Je me penche à l’oreille de Rajas. Je peux tout à fait comprendre qu’on donne des noms à des objets inanimés, mais un nom pareil ? ?
— Le Désastre bleu ? je lui glisse.
— Bleu, pour des raisons évidentes. Et Désastre parce qu’elle consomme en moyenne 47 litres aux 100.
Rajas bombe le torse, fier comme un paon.
— Et aussi parce qu’elle, disons, fuit de partout, ajoute Jacinda.
— C’est la façon qu’a mon bébé de partager son amour, Jas.
— Waouh, je souffle.
Je me penche un peu en arrière ; Rajas ajuste sa prise de façon à tenir compte de mon changement de position. Du coup, encore plus de contact avec sa peau : ça me donne des frissons partout.
— 47 litres aux 100 ? Je crois que c’est pire qu’un Hummer.
— Tu sais quoi ? explique-t-il en riant. Je me suis dit que j’allais économiser soixante mille dollars et plutôt conduire la voiture de mon grand-père jusqu’à ce qu’elle tombe en pièces.
On continue dans un silence joyeux. Autour de nous, des sittelles et des mésanges sautillent de branche en branche. Les chaussures de Rajas s’enfoncent doucement dans la terre. Les tongs de Jacinda font « flip-flap flip-flap » contre ses talons.
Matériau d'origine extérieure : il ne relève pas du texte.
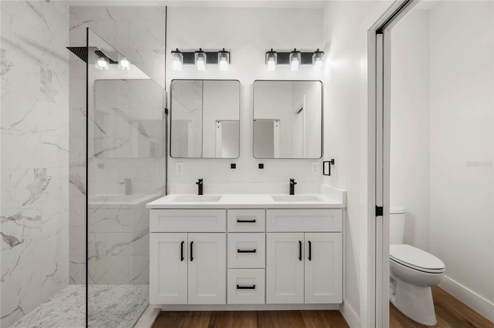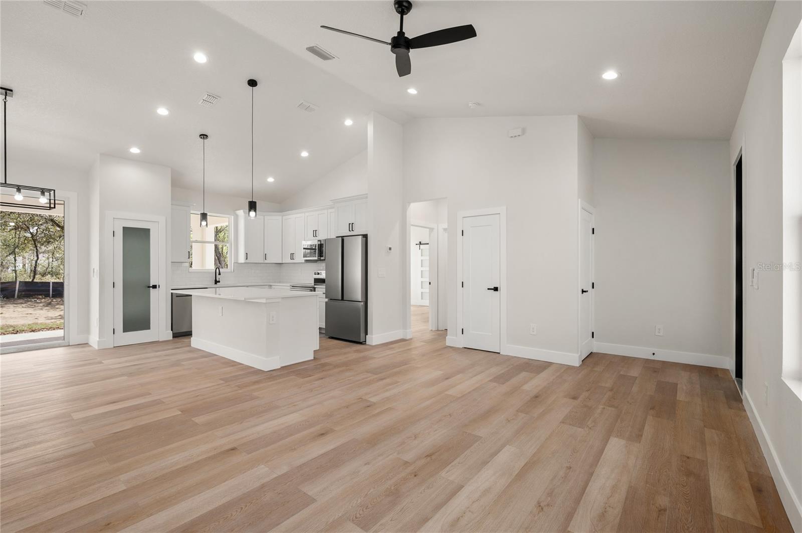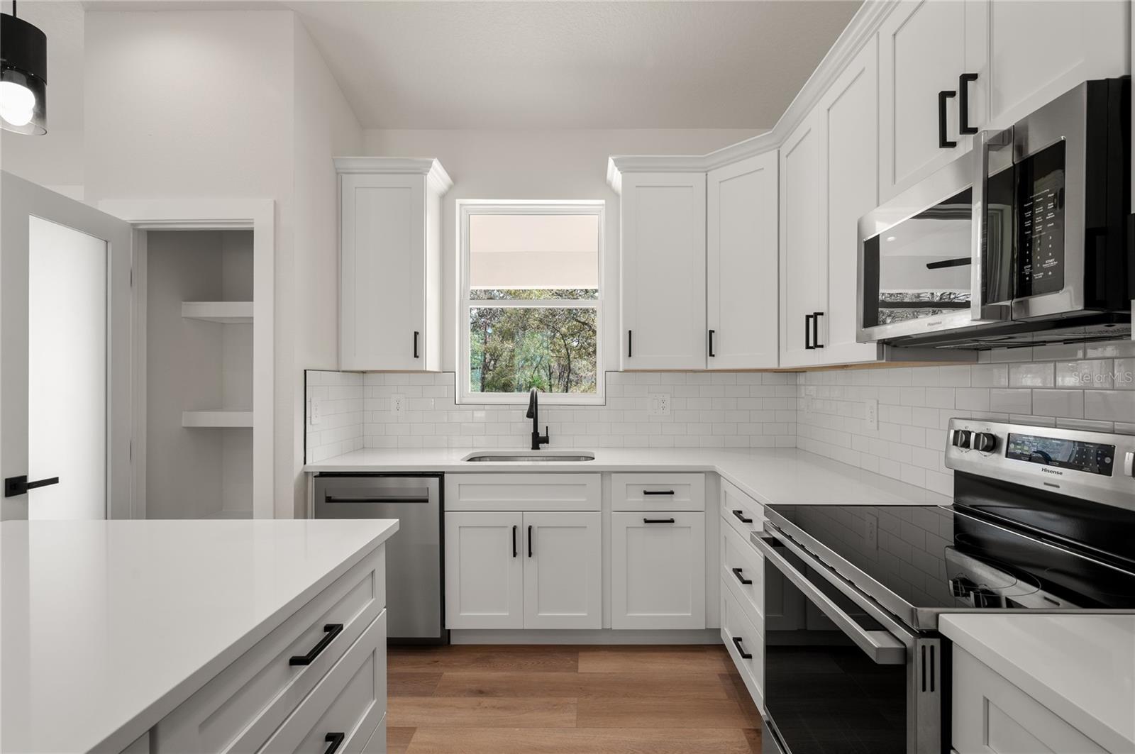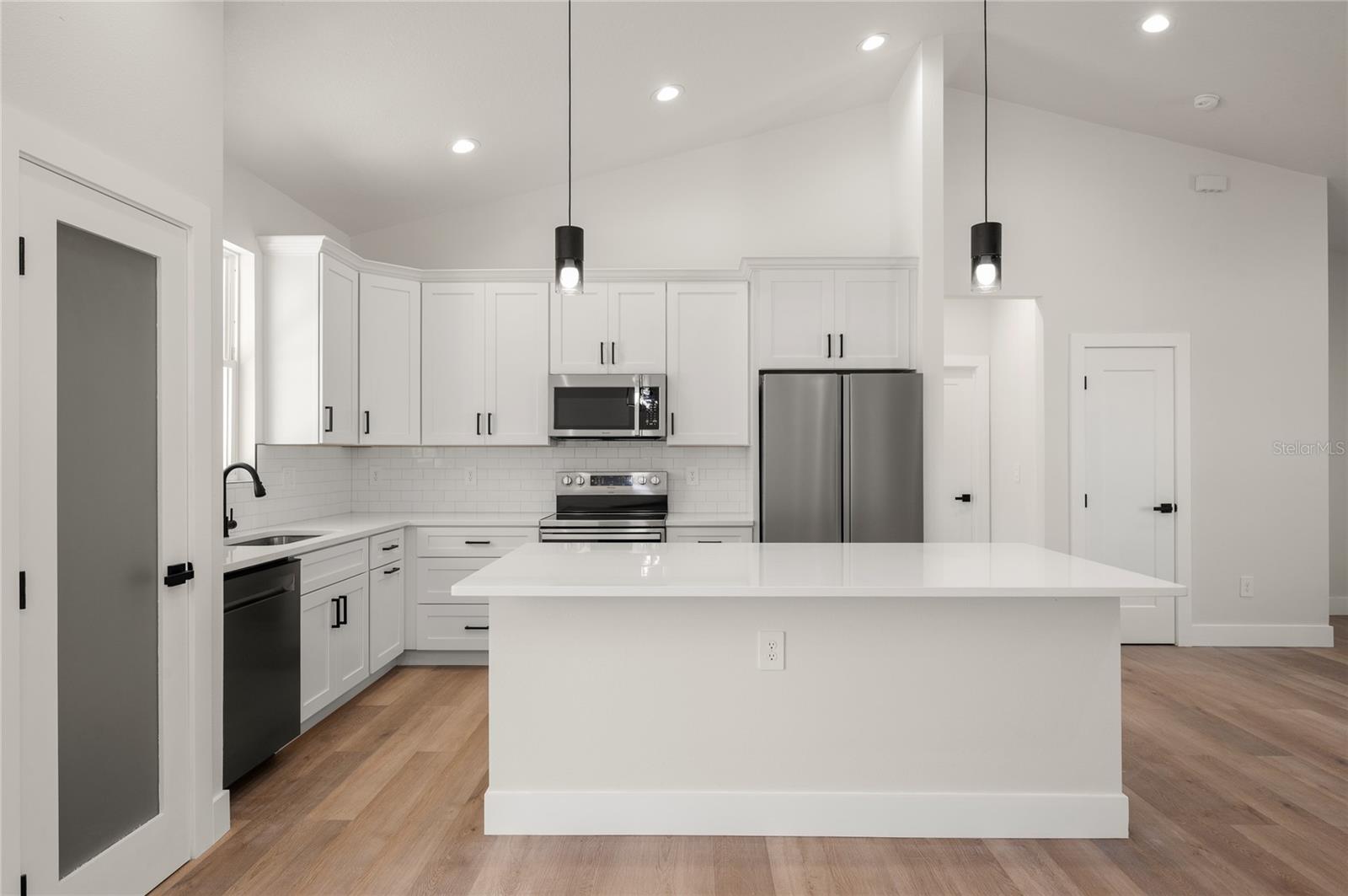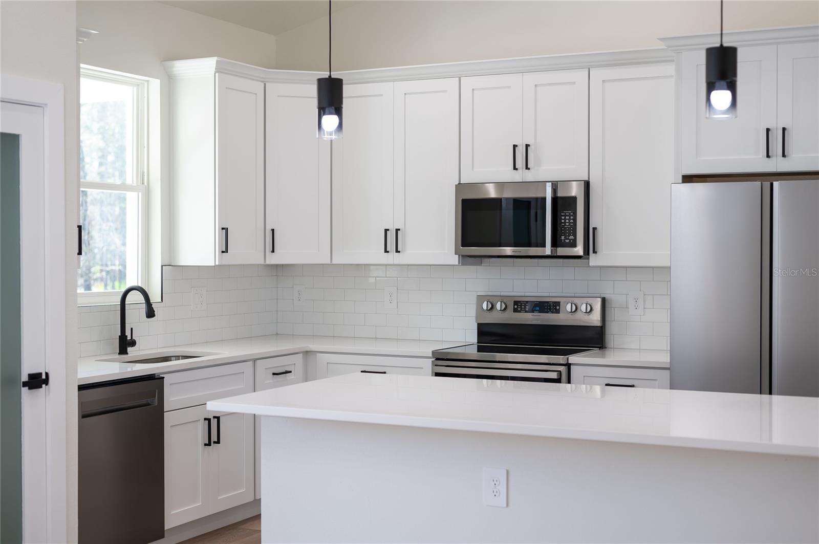 Complete luxurious living 3-Bedroom, 3-Bath Home with Private Guest Suite and Premium Design Features This 3-bedroom, 3-bath home offers 1,507 sq. ft. of thoughtfully designed living space, combining style, function, and comfort. The master suite is generously sized with a barn door entrance to a luxurious his-and-hers bath featuring a large walk-in shower. Bedroom 2 includes its own private bath and separate entrance—ideal for guests, extended family, or an in-law suite. A third full bath serves visitors and the third bedroom. The open-concept design boasts 9-foot ceilings throughout, soaring up to 13 feet with cathedral truss ceilings for a spacious, elegant feel. Multiple closets are conveniently placed in the living room, along with a walk-in pantry for extra storage. Interior Highlights: Vinyl LVP flooring throughout Ceramic tile in the laundry and on bathroom walls Walk-in laundry closet with sink Solid surface counters & solid wood cabinets Stainless steel appliances: Dishwasher, Electric Water Heater, Microwave, Range, Refrigerator Split bedroom design with privacy for guests or family Double-pane windows for efficiency Ceiling fans, tray ceilings, and cathedral ceilings Exterior Features: Striking “old money” look with white exterior, black roof and soffits Faux stone façade for added character Gabled roofline with siding detail by the garage for a premium finish Covered patio and spacious outdoor living area SOD lawn with driveway and walkway to in-law suite entry. Call the listing agent today to schedule your showing appointment—slots are filling up fast! A home design built with your family in mind. Home site next door also available—ask for details!

Alors que j’étudie les rayons du soleil qui filtrent à travers les feuilles des arbres persistants, Rajas change de position, provoquant de nouveaux frissons.
— Je deviens peut-être un peu lourde ?
— C’est bon, dit Rajas en me remontant de quelques centimètres sur son dos.
— Je dois dire que c’est un sacré…
Je m’arrête, en essayant de trouver un autre mot que « sauvetage ».
— Sacré faux sauvetage ? suggère-t-il. Puisque tu es une fausse demoiselle en fausse détresse…
— C’est ça, ris-je.
— Ça tombe bien, je me suis toujours considéré comme un faux héros, plaisante Rajas.
— Et tout ça, c’est un faux problème de rien du tout, commente Jacinda.
— Cela dit, vous ne me connaissez même pas. J’aurais pu attendre un bail si vous n’étiez pas arrivés.
— Ben, on aime les faux sauvetages, pas vrai Raj ?
— Sûr ! On y est presque, dit-il.
La sueur perle sur ses épaules et son torse ; nos corps commencent à glisser et coller là où nos peaux sont en contact.
— Désastre bleu, nous voici ! s’écrie Jacinda en se mettant à trottiner.
— Top ! dis-je.
Mais, au fond, ça ne me dérangerait pas de continuer encore comme ça plusieurs kilomètres supplémentaires, histoire d’être sur le dos de Rajas encore un peu… voire très longtemps.
*
— Tourne ici, dis-je en pointant du doigt le chemin de gravier. Notre allée est en haut de la colline.
— Bien reçu.
Rajas engage la voiture sur la route défoncée. Le Désastre bleu est un nom qui va comme un gant à cet énorme machin en forme de bateau, qui fuit de partout, tout brinquebalant et tout rouillé, et qui leur fait office de véhicule.
— Je frémis à l’idée des ravages que nous sommes en train de faire subir actuellement à mère Nature, mais… c’est une super voiture, je hasarde. Des tonnes de personnalité, littéralement.
Je suis assise devant, à côté de Rajas, à cause de ma cheville. Mon Dieu, j’aimerais que mon cœur cesse de marteler comme ça. Mais ce mec est tellement beau. Et si gentil. Et il a un solide sens de l’humour aussi. En plus, lui et Jacinda ont l’air de comprendre mes blagues, ce qui n’est pas une mince affaire, vraiment ! Je n’ai pas tellement eu d’amis de mon âge.
— Merci, répond Rajas en tapotant le levier de vitesse. C’est ma chérie adorée. Une Buick Skylark 1976.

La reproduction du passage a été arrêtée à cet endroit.